##### Stored data

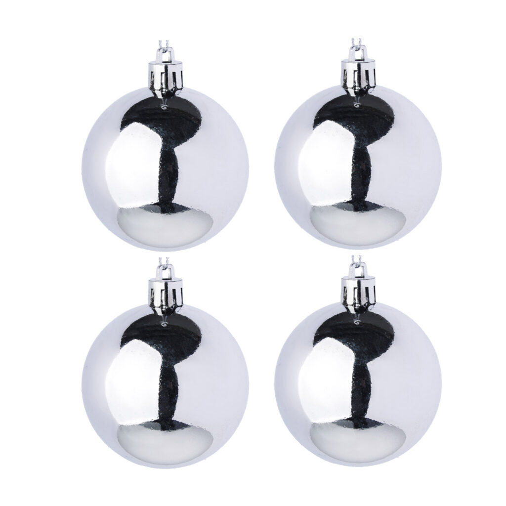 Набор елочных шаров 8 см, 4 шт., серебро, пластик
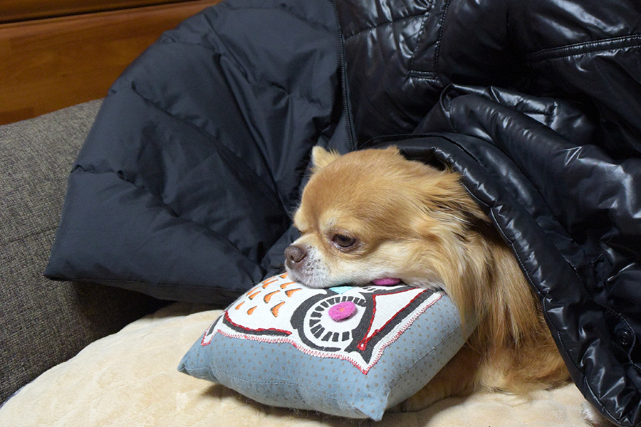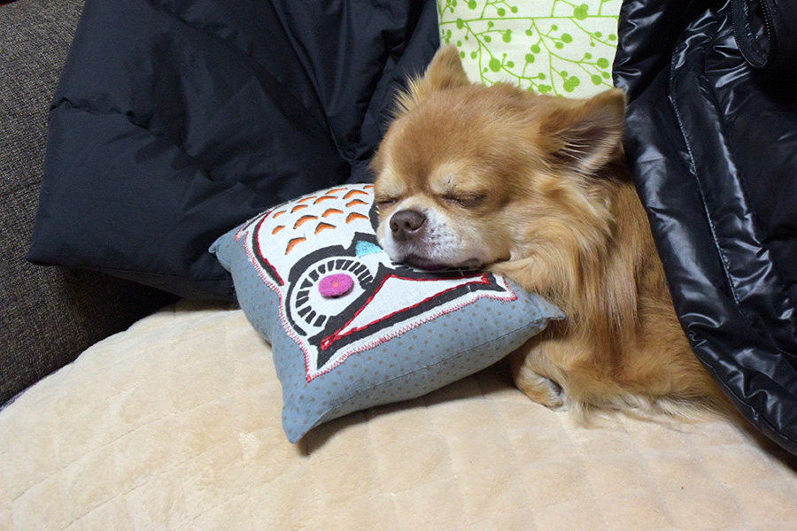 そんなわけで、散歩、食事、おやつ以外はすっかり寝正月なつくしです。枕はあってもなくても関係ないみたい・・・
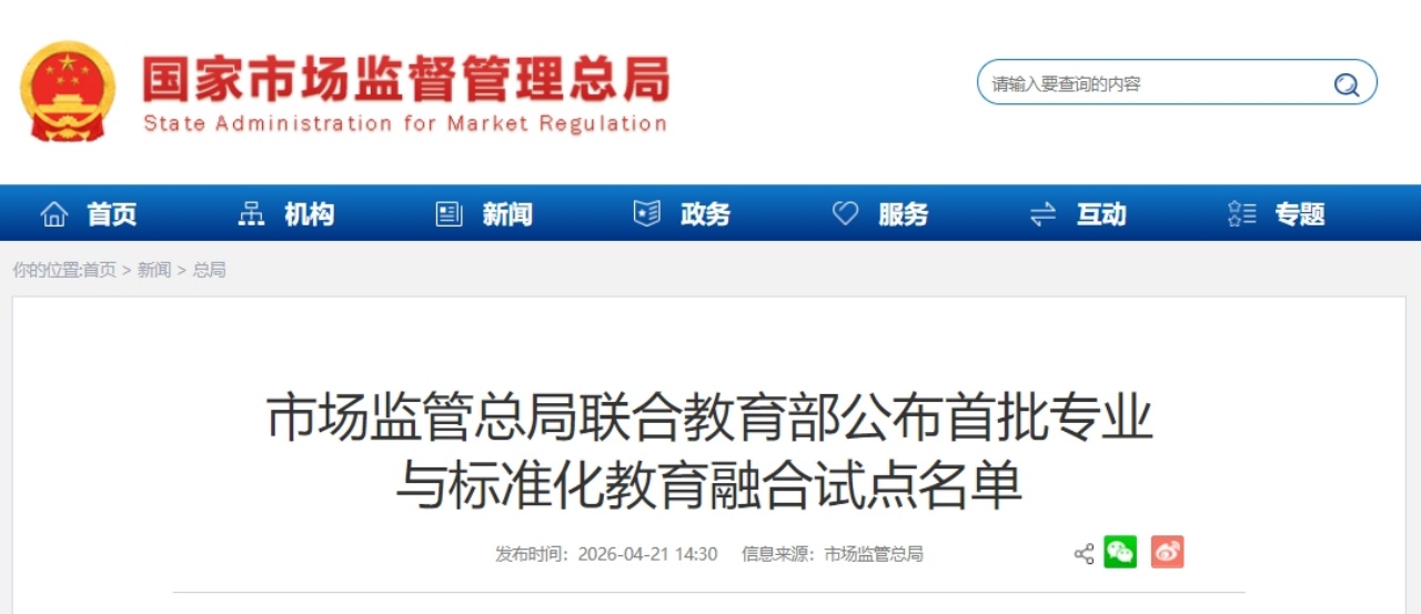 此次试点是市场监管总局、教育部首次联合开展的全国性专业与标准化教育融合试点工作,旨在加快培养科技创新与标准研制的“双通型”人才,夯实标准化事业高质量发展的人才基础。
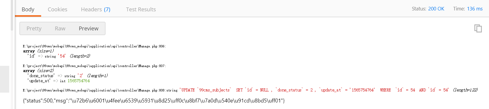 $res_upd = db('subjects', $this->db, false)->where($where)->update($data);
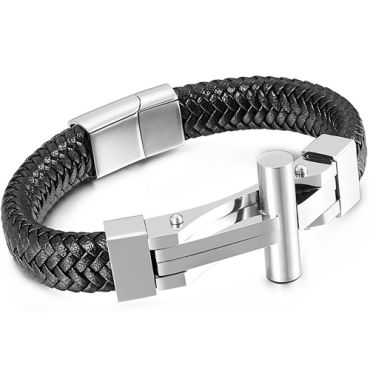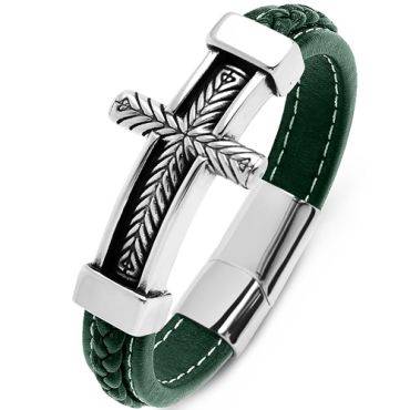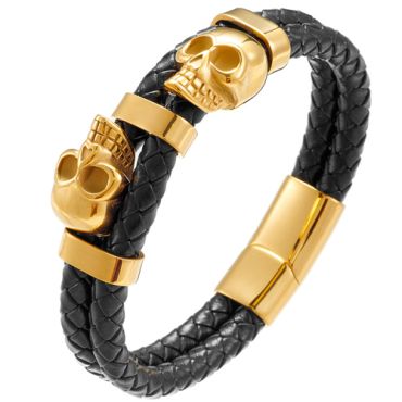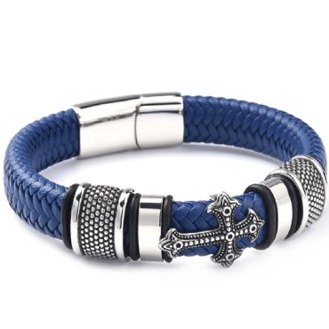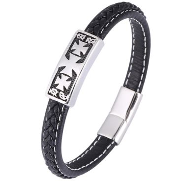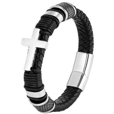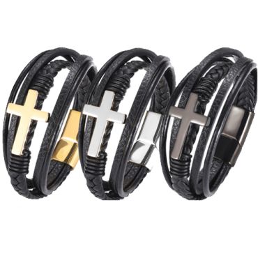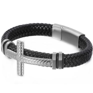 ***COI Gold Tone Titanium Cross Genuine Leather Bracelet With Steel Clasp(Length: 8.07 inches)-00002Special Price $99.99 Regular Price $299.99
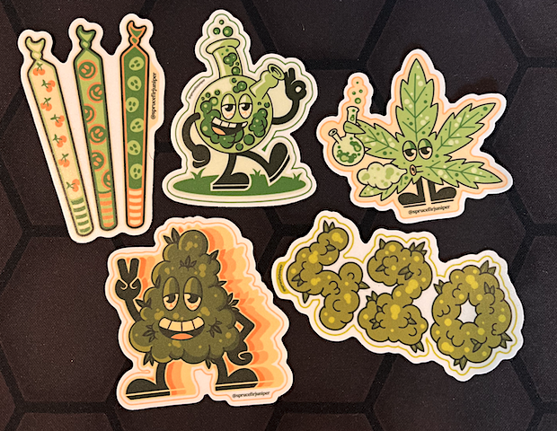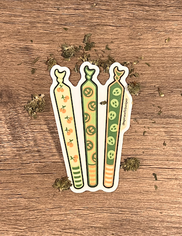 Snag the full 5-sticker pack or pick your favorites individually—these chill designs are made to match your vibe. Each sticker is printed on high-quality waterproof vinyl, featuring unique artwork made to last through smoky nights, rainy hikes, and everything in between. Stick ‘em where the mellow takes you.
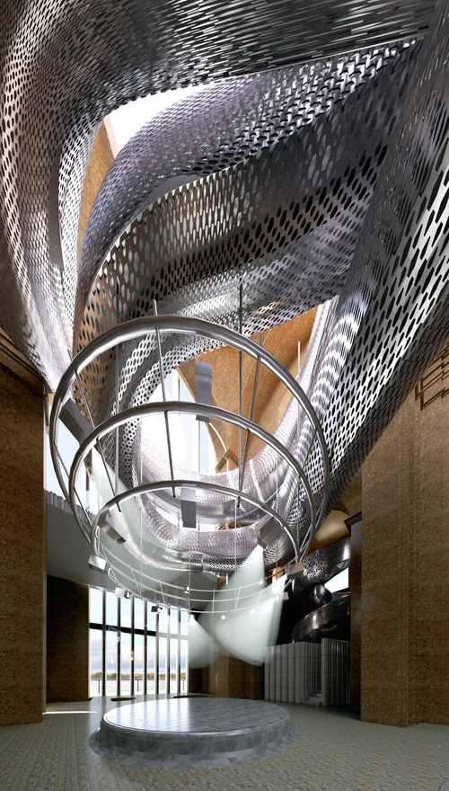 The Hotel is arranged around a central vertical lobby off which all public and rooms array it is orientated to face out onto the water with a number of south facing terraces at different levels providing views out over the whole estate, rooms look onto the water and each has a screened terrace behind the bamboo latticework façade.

##########

#### Work request:
Please reproduce each entry above word for word and keep the pictures out of the copy.

#### Result for this task:
 Набор елочных шаров 8 см, 4 шт., серебро, пластик
 そんなわけで、散歩、食事、おやつ以外はすっかり寝正月なつくしです。枕はあってもなくても関係ないみたい・・・
 此次试点是市场监管总局、教育部首次联合开展的全国性专业与标准化教育融合试点工作,旨在加快培养科技创新与标准研制的“双通型”人才,夯实标准化事业高质量发展的人才基础。
 $res_upd = db('subjects', $this->db, false)->where($where)->update($data);
 ***COI Gold Tone Titanium Cross Genuine Leather Bracelet With Steel Clasp(Length: 8.07 inches)-00002Special Price $99.99 Regular Price $299.99
 Snag the full 5-sticker pack or pick your favorites individually—these chill designs are made to match your vibe. Each sticker is printed on high-quality waterproof vinyl, featuring unique artwork made to last through smoky nights, rainy hikes, and everything in between. Stick ‘em where the mellow takes you.
 The Hotel is arranged around a central vertical lobby off which all public and rooms array it is orientated to face out onto the water with a number of south facing terraces at different levels providing views out over the whole estate, rooms look onto the water and each has a screened terrace behind the bamboo latticework façade.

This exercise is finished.